Transform the dresser back into clothes storage and a display for select meaningful objects, rather than a catch all for coins and other clutter. Reinstate the chair as a reading nook/conversation corner rather than a clothes horse, and quit using the bedside drawers as miscellaneous storage for homeless things. Re-purpose them as storage for tissues, medications, a book, a journal, or anything else you may use in your bedroom.
It’s worth mentioning that none of the above tips will work long-term without adopting good habits. Re-forming old habits may take some time as your brain will need to rewire the new ones, but the more you do them, the more natural they will become to you.
One habit you should definitely implement is to make your bed every morning so it is always an inviting room to enter, an enticing place to rest, and you achieve something positive to start the day.

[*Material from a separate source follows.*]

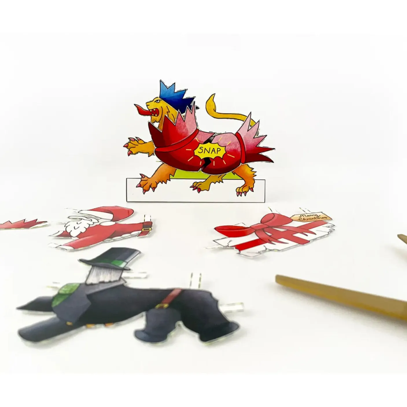 Get crafty this christmas and send a card that can be transformed into a fun desktop decoration! ‘dress an english lion’ christmas cards feature four festive themed outfits; santa claus, ebenezer scrooge, a gift box and a christmas cracker. Simply cut around the dotted line and dress the english lion in your favourite! ‘dress an english lion’ christmas cards are printed onto high quality trucard, a specialist greetings card material that is glossy coated and scratch-proof on the outside, and uncoated on the inside so it’s easy to write on. 300gsm card is used for high-quality greetings cards that last. The card is blank inside for your own message and comes with a red paper envelope. Card measures 148mm x 148mm and is suitable for letter post.

Another habit you must adopt if you’re to keep the bedroom clutter-free, is to put stray objects back where they belong as soon as you see them, and have the same expectations for others. Be mindful that anyone sharing the room with you will also take time to form this new habit, especially if they’re used to just leaving things until ‘later’ or ‘tomorrow’.
Put clothes away at the next available opportunity, and remember, paring down your clothes will make this particular task far less daunting. If you have a chair, leave it clear to invite conversation, or create a peaceful reading nook.
Putting things away will become effortless and can take less than a minute if you only keep what is essential for your bedroom.
A few bonus tips that can go a long way to achieving tranquility are to use soft lighting and calming colours, and to use decor sparingly. Too much art or decor can be exhausting on the senses and become a form of visual and physical clutter.
Remember, we want that energy to flow like a river, and your sleep to be peaceful, deep, and refreshing.